- Opening Delimiter -
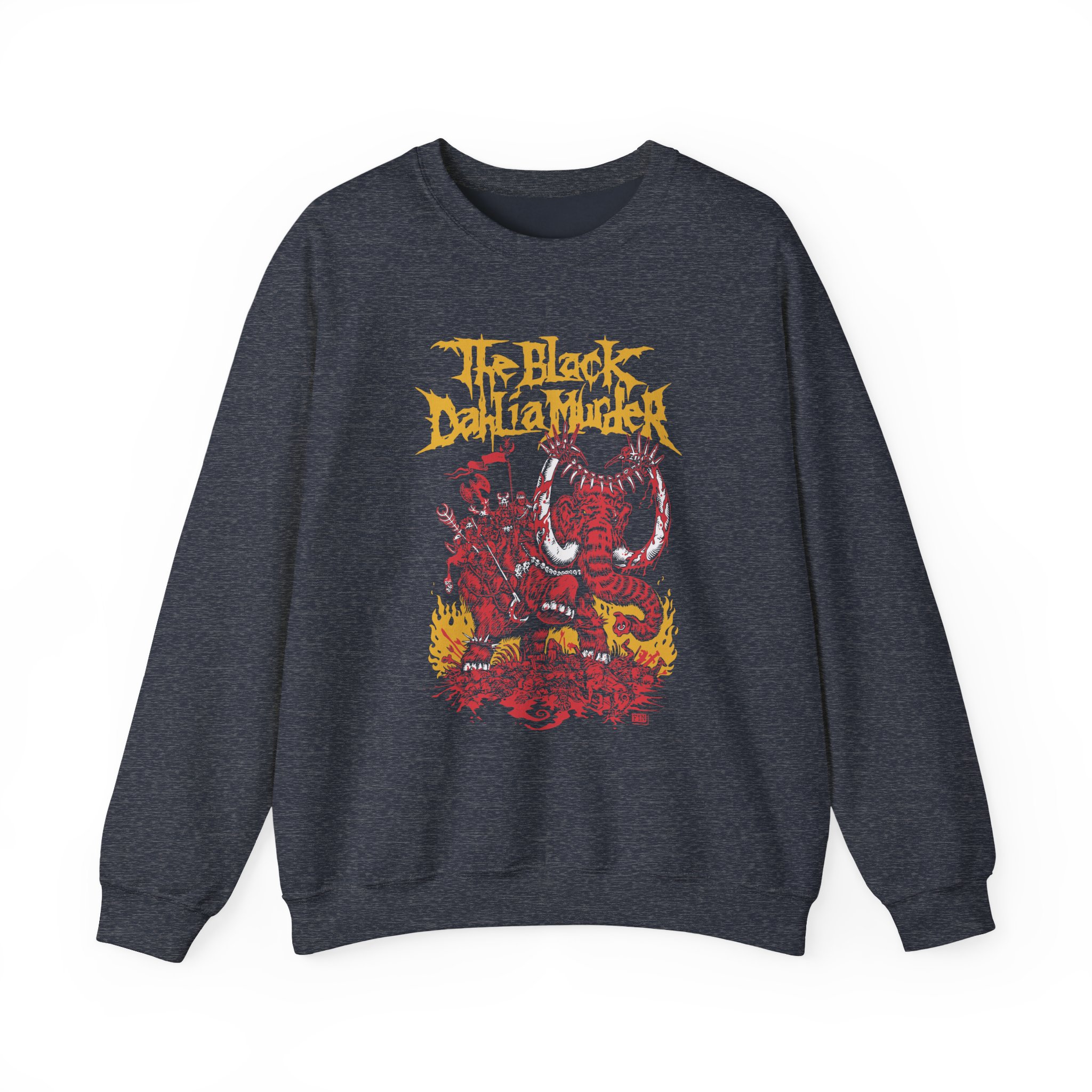 Ideal for any situation, a The Black Dahlia Murder Mammoth’s Hand unisex heavy blend crewneck sweatshirt is pure comfort. These garments are made from polyester and cotton. This combination helps designs come out looking fresh and beautiful. The collar is ribbed knit, so it retains its shape even after washing. There are no itchy side seams on these sweaters.
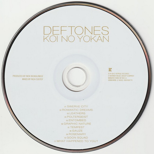 Фірмовий CD-дискKoi No Yokan is the seventh studio album by American alternative metal band Deftones, released on November 12, 2012, by Reprise Records. Its title is a phrase from the Japanese language, translating to "premonition of love". Koi No Yokan was met with widespread acclaim from critics upon its release, and debuted at number eleven on the US Billboard 200, selling over 65,000 copies in its first week of sales. According to Nielsen SoundScan, it has sold over 200,000 copies to date in the United States.
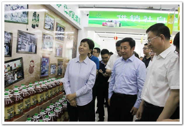 在哈尔滨市国鑫供销生鲜超市调研时,王侠对超市开展的产销对接、平价农产品销售、设立扶贫代销专柜等,给予充分肯定。王侠强调,流通是供销合作社的老本行,供销合作社要发挥传统优势,推进网上网下融合发展,加快把农产品流通做起来。在了解到省社倍丰公司生产的“龙稻”大米、惠丰乳品公司生产的酸奶在超市销售并且很受居民欢迎时,王侠指出,黑龙江特色农产品种类多、品质优,要加快打造一批叫得响、过得硬的农产品品牌,提高农产品附加值,让农民分享更多增值收益。
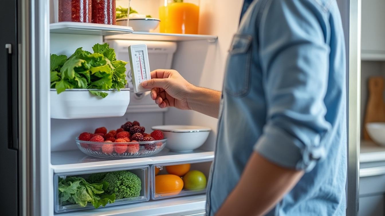 Pour vérifier la température réelle, placez un verre d’eau avec un thermomètre de cuisine à l’intérieur du réfrigérateur et attendez 2 heures. La température doit être entre 2 et 6 °C.
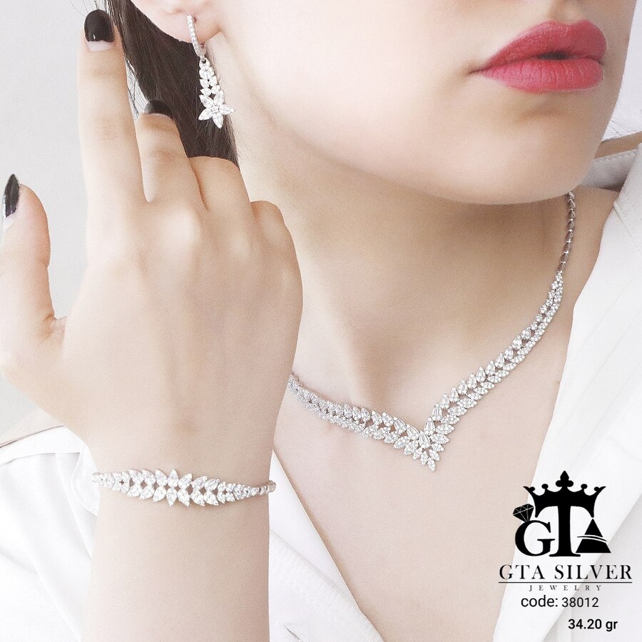سرویس نقره مدل سوپر میکرو همراه با روکش آبطلای سفید؛ عیار 925، تمامی نگین های این سرویس جدید با روش جدید میکروستینگ مخراج کاری شده است.
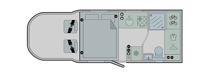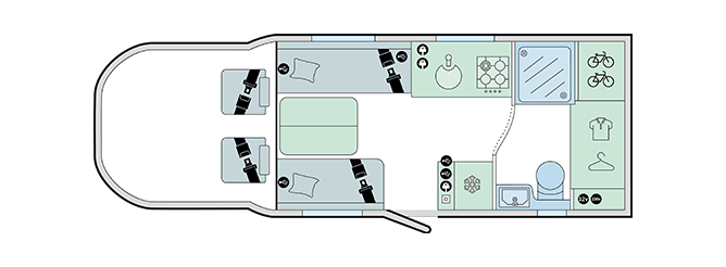 - Front Flexi-lounge featuring twin Aguti convertible travelling seats incorporating ISOFIX with dedicated travel seat cushions (model specific)
- Closing Delimiter -
Task to complete
Before you return the listing, strip out its pictures; all else must match exactly.

Answer section
 Ideal for any situation, a The Black Dahlia Murder Mammoth’s Hand unisex heavy blend crewneck sweatshirt is pure comfort. These garments are made from polyester and cotton. This combination helps designs come out looking fresh and beautiful. The collar is ribbed knit, so it retains its shape even after washing. There are no itchy side seams on these sweaters.
 Фірмовий CD-дискKoi No Yokan is the seventh studio album by American alternative metal band Deftones, released on November 12, 2012, by Reprise Records. Its title is a phrase from the Japanese language, translating to "premonition of love". Koi No Yokan was met with widespread acclaim from critics upon its release, and debuted at number eleven on the US Billboard 200, selling over 65,000 copies in its first week of sales. According to Nielsen SoundScan, it has sold over 200,000 copies to date in the United States.
 在哈尔滨市国鑫供销生鲜超市调研时,王侠对超市开展的产销对接、平价农产品销售、设立扶贫代销专柜等,给予充分肯定。王侠强调,流通是供销合作社的老本行,供销合作社要发挥传统优势,推进网上网下融合发展,加快把农产品流通做起来。在了解到省社倍丰公司生产的“龙稻”大米、惠丰乳品公司生产的酸奶在超市销售并且很受居民欢迎时,王侠指出,黑龙江特色农产品种类多、品质优,要加快打造一批叫得响、过得硬的农产品品牌,提高农产品附加值,让农民分享更多增值收益。
 Pour vérifier la température réelle, placez un verre d’eau avec un thermomètre de cuisine à l’intérieur du réfrigérateur et attendez 2 heures. La température doit être entre 2 et 6 °C.
سرویس نقره مدل سوپر میکرو همراه با روکش آبطلای سفید؛ عیار 925، تمامی نگین های این سرویس جدید با روش جدید میکروستینگ مخراج کاری شده است.
 - Front Flexi-lounge featuring twin Aguti convertible travelling seats incorporating ISOFIX with dedicated travel seat cushions (model specific)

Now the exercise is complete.